Work request
With pictures left out, output exactly the lines from the line holding "酣客 2019标准版 酱香型白酒53度坤沙大曲" through the end of the data, both included.

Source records
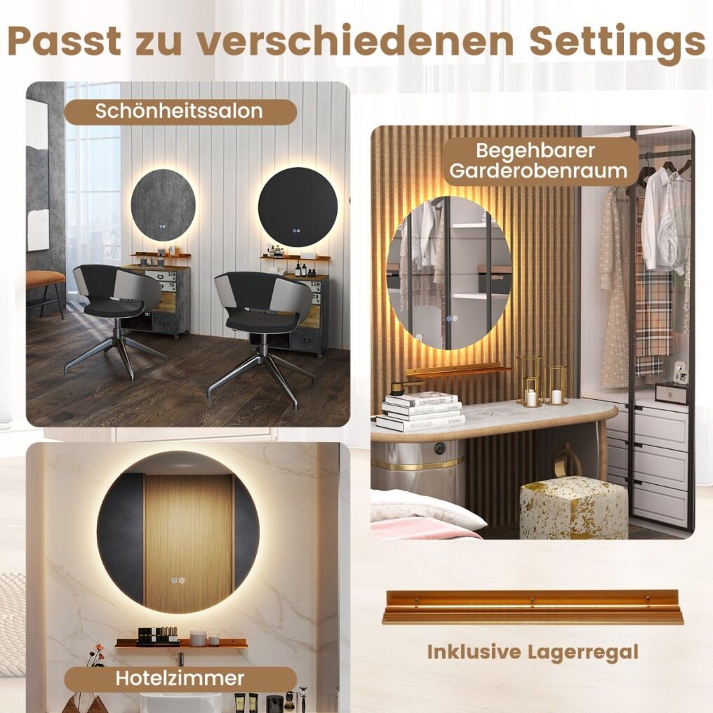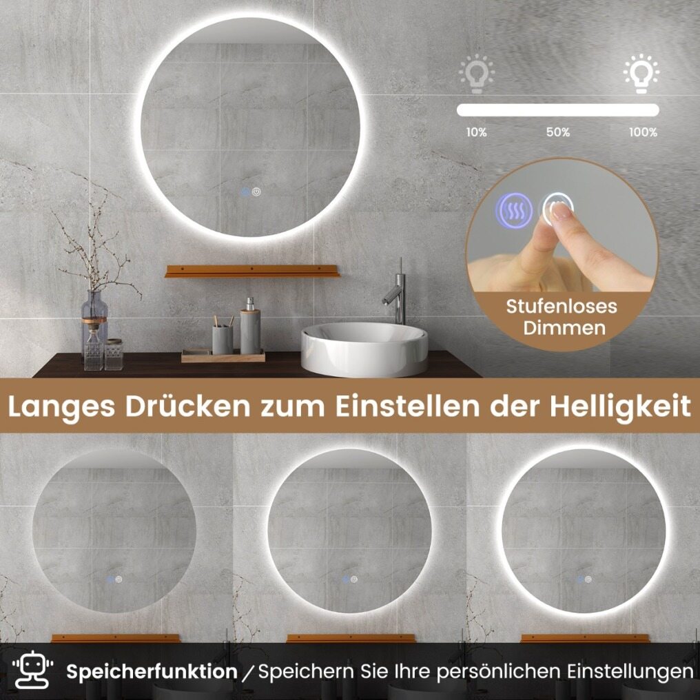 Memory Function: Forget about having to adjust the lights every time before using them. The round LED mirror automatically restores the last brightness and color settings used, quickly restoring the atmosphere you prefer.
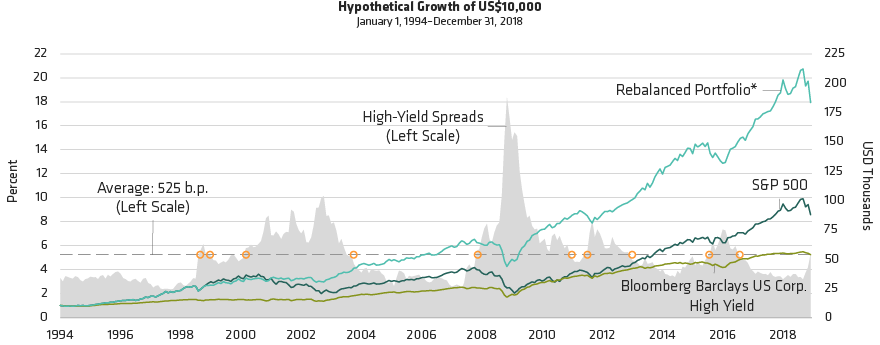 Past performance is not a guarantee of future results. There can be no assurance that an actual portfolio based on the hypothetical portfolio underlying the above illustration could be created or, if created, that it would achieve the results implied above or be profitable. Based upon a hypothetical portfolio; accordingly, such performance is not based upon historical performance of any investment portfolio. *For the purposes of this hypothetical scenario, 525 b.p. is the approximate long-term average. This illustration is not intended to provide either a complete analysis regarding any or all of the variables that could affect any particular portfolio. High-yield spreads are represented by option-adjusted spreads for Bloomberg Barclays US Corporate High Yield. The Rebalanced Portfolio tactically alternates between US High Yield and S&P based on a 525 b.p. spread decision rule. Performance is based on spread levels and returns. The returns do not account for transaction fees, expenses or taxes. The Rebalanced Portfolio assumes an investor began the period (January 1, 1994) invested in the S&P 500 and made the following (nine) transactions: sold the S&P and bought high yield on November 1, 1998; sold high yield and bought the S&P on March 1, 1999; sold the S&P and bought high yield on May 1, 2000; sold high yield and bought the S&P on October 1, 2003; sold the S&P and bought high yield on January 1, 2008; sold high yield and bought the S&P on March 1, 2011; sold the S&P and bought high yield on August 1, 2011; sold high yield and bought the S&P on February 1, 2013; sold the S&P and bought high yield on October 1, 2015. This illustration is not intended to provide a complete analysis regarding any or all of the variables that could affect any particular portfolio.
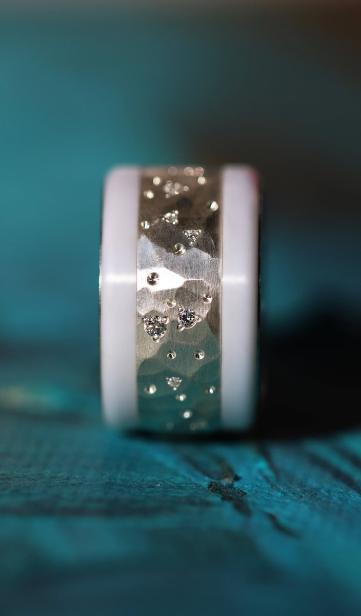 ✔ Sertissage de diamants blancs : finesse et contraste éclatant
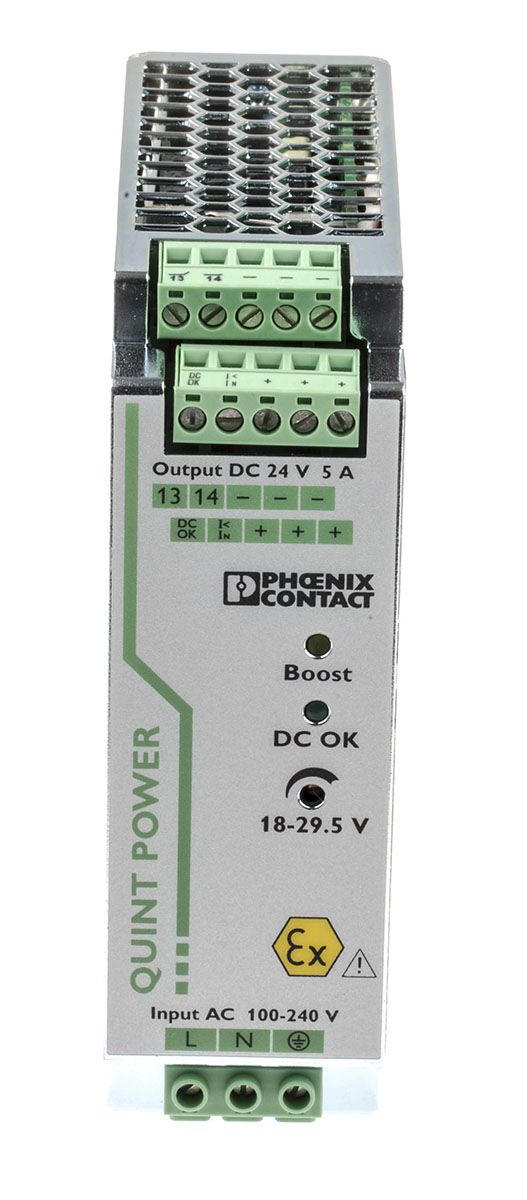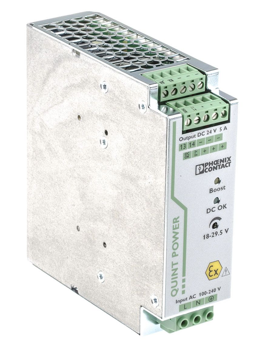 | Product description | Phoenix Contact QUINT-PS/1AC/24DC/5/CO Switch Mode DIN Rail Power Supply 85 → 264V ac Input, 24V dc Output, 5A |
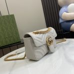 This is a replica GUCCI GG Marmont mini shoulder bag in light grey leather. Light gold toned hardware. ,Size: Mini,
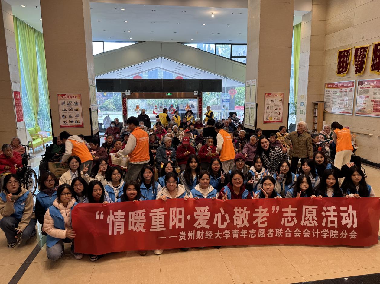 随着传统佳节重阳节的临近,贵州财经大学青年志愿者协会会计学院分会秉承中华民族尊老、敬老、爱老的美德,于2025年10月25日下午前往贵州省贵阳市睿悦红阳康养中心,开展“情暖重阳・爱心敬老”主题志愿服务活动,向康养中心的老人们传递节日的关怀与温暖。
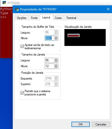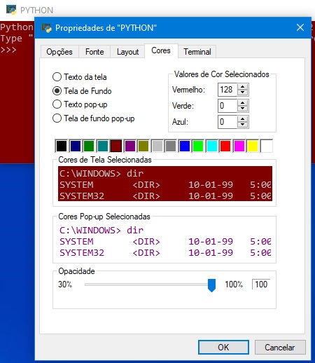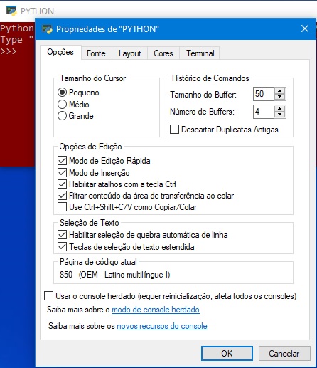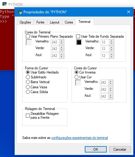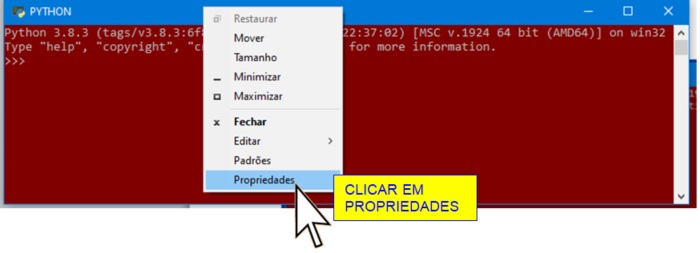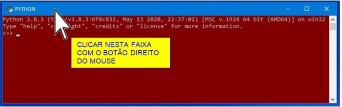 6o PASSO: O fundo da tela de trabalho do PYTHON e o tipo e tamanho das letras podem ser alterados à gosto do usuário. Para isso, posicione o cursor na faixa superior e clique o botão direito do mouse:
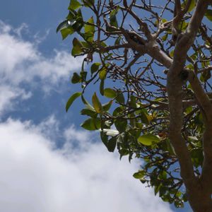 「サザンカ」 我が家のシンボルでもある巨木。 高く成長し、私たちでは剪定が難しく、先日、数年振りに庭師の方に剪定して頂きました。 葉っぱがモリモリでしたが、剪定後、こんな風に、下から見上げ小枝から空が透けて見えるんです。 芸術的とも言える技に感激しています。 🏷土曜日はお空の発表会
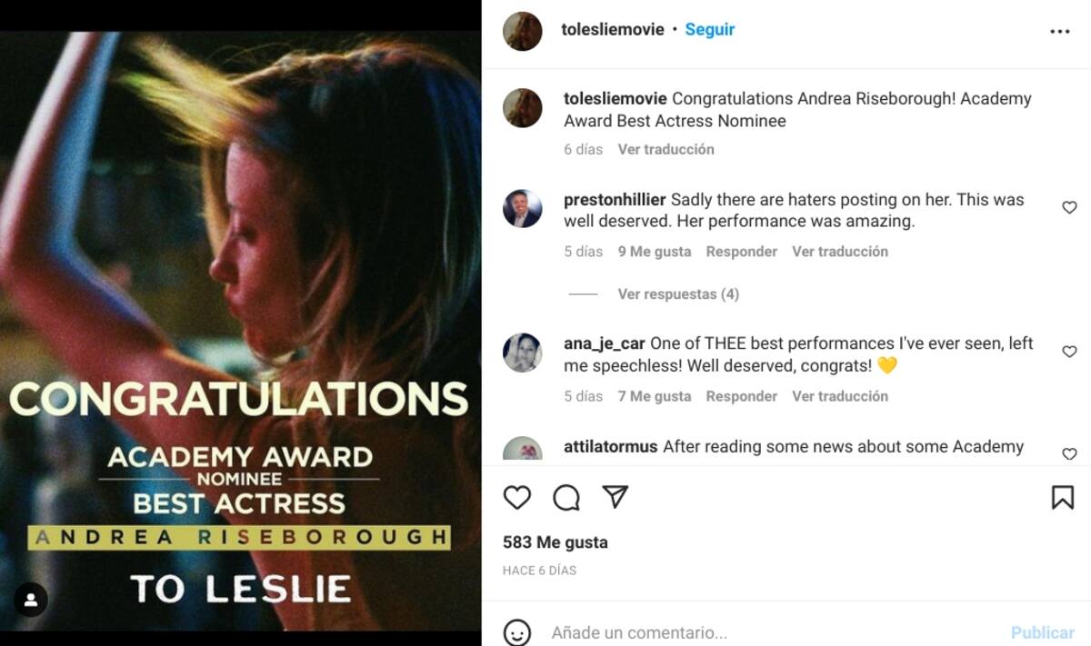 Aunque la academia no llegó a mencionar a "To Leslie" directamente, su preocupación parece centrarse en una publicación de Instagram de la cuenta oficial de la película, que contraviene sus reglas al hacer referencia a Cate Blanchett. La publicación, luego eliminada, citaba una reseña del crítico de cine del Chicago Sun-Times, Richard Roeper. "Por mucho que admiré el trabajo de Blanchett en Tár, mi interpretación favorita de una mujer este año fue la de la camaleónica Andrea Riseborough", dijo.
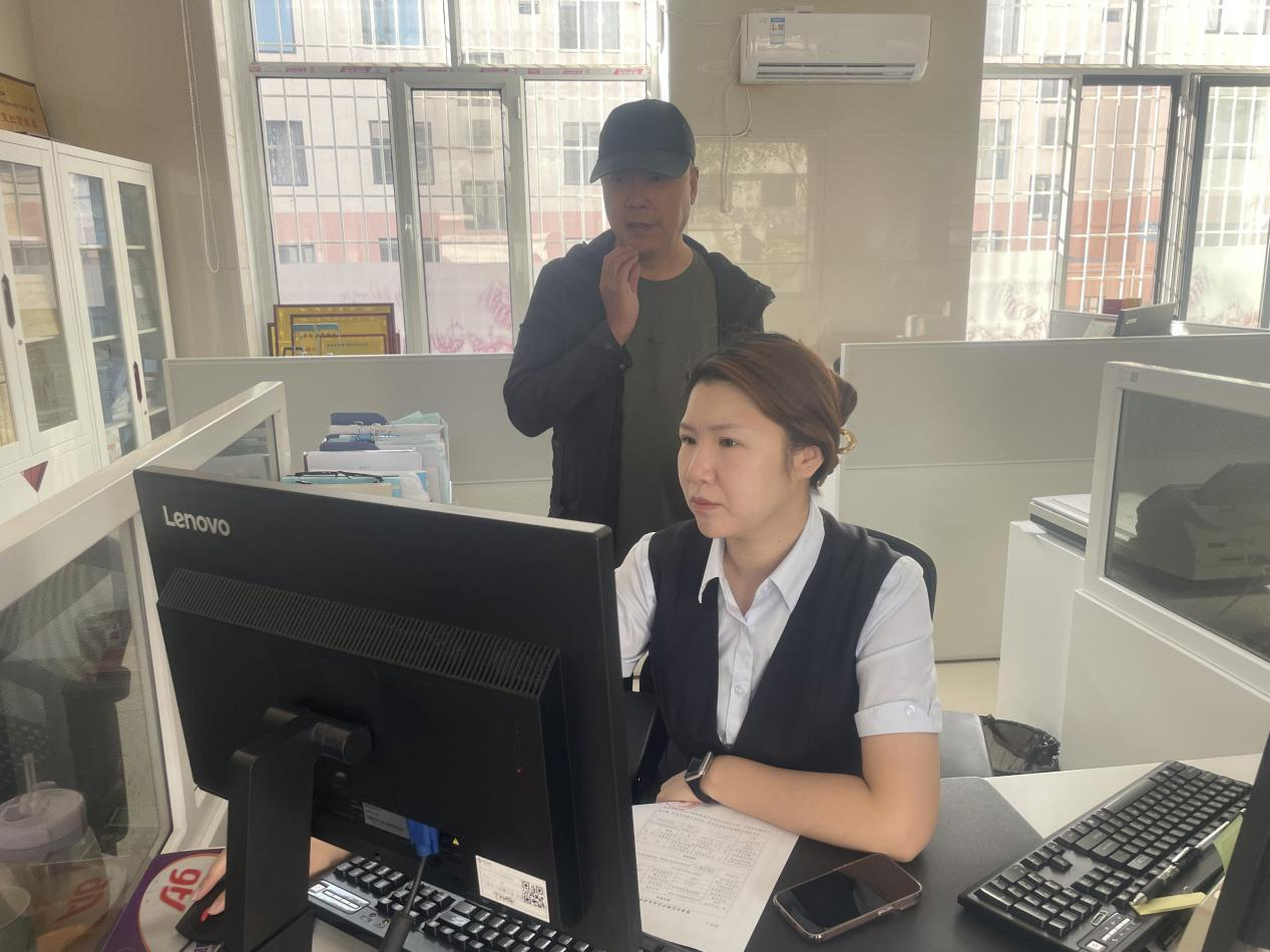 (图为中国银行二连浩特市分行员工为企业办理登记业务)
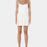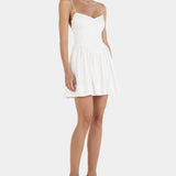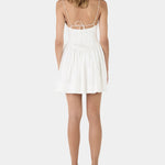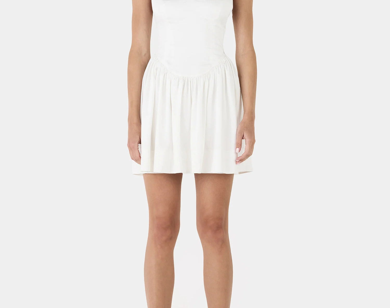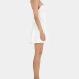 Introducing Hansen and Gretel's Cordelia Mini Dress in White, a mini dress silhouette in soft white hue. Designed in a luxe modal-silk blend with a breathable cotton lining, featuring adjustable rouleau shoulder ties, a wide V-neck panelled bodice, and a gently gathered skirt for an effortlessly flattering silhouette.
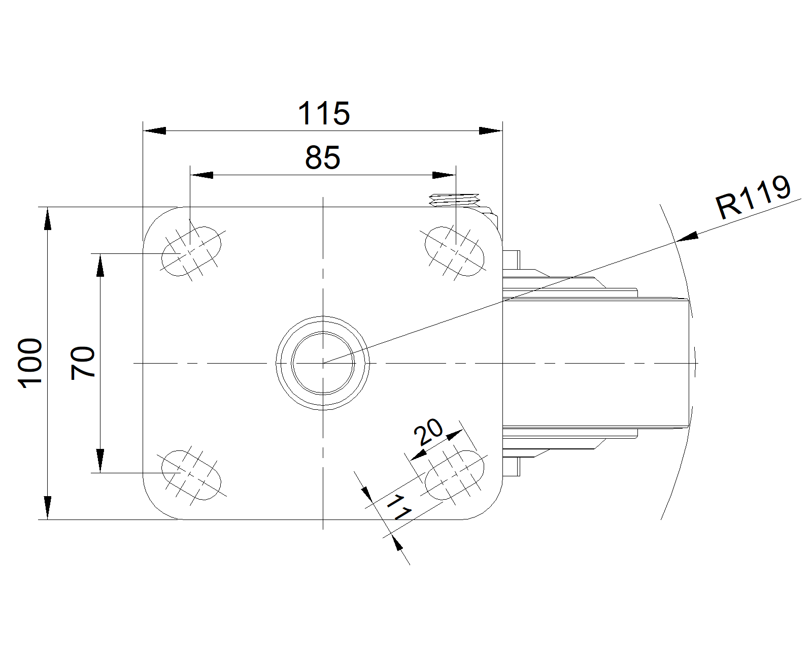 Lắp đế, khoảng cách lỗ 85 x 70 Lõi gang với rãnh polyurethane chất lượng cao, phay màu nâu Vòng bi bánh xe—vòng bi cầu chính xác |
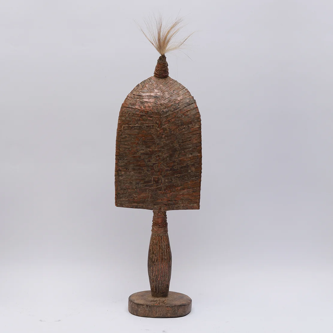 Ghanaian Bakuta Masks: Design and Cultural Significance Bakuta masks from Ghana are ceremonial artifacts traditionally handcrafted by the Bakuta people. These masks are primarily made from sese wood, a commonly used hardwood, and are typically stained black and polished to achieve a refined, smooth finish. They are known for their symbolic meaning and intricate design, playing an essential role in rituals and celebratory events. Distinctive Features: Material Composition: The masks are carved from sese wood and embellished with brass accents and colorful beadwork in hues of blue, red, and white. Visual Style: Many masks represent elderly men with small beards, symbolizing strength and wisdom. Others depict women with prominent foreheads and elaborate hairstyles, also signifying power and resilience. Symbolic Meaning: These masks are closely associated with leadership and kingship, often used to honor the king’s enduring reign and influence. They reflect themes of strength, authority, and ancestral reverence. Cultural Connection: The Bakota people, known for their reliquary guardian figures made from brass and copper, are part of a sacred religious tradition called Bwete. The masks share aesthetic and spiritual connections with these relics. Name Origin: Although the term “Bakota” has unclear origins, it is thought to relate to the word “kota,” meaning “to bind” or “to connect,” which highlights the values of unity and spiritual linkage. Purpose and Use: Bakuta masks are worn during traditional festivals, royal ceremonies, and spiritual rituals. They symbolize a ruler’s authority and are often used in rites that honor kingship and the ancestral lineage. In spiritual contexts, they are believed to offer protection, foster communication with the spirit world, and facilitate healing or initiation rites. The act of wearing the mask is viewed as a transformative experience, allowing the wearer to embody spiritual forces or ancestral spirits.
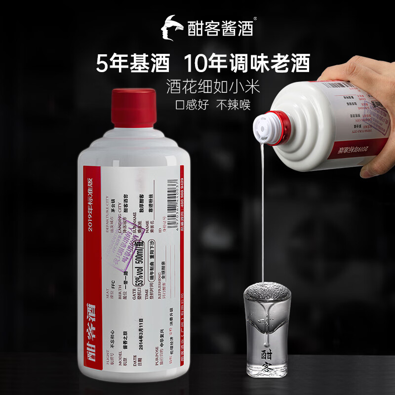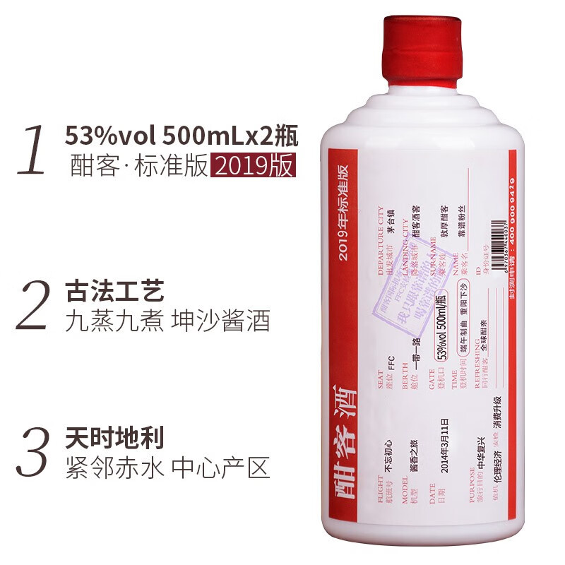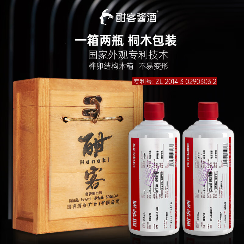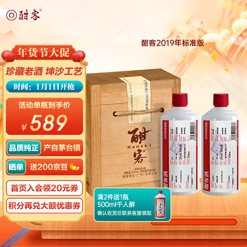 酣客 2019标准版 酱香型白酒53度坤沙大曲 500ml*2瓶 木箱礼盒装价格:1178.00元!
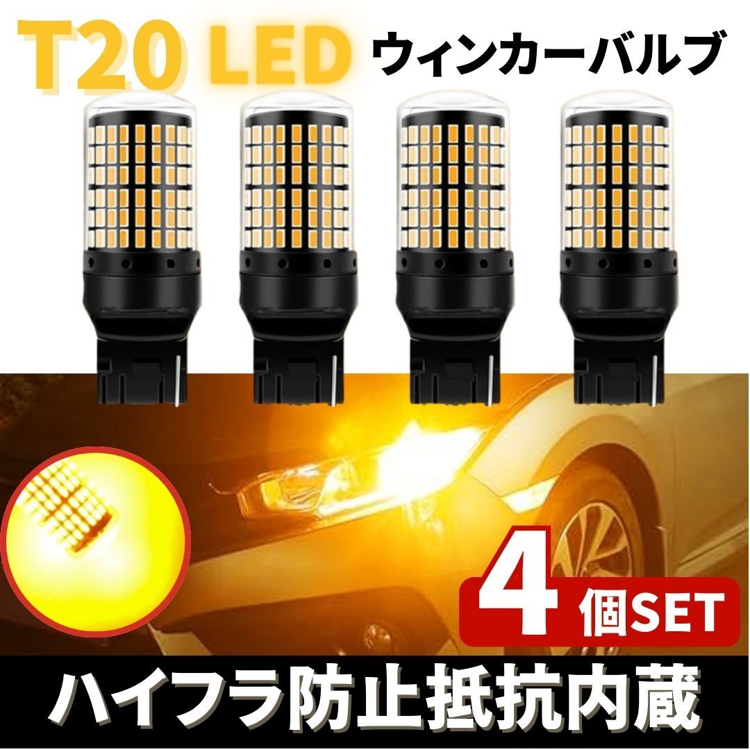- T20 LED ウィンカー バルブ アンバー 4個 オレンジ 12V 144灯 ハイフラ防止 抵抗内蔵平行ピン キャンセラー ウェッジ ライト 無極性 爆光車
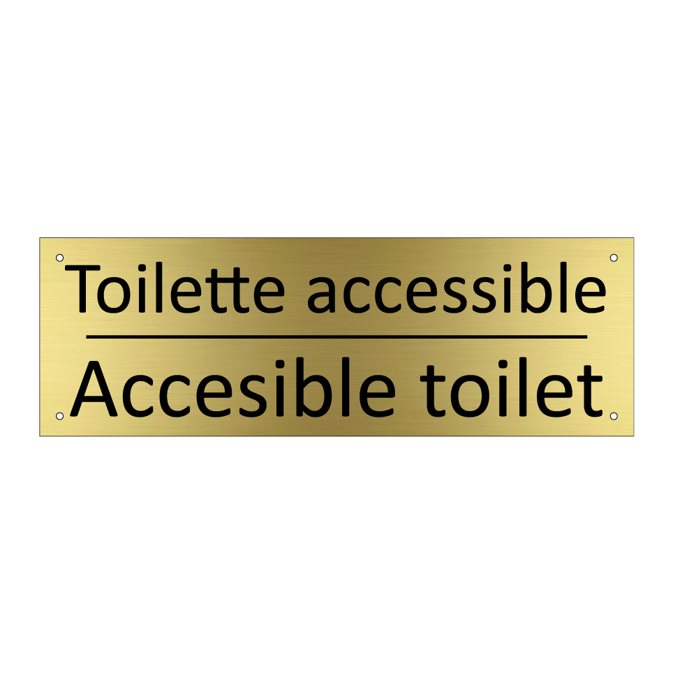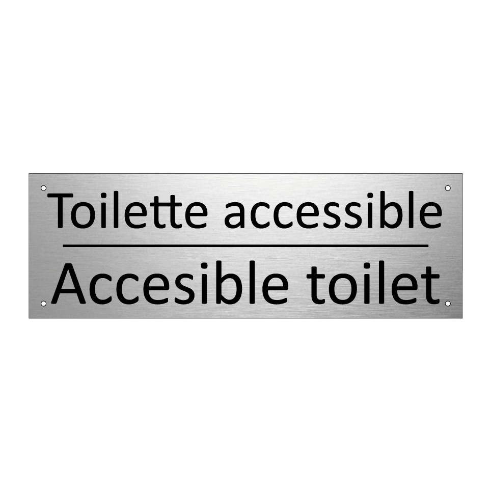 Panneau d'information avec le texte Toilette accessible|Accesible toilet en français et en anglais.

Expected answer
 酣客 2019标准版 酱香型白酒53度坤沙大曲 500ml*2瓶 木箱礼盒装价格:1178.00元!
- T20 LED ウィンカー バルブ アンバー 4個 オレンジ 12V 144灯 ハイフラ防止 抵抗内蔵平行ピン キャンセラー ウェッジ ライト 無極性 爆光車
 Panneau d'information avec le texte Toilette accessible|Accesible toilet en français et en anglais.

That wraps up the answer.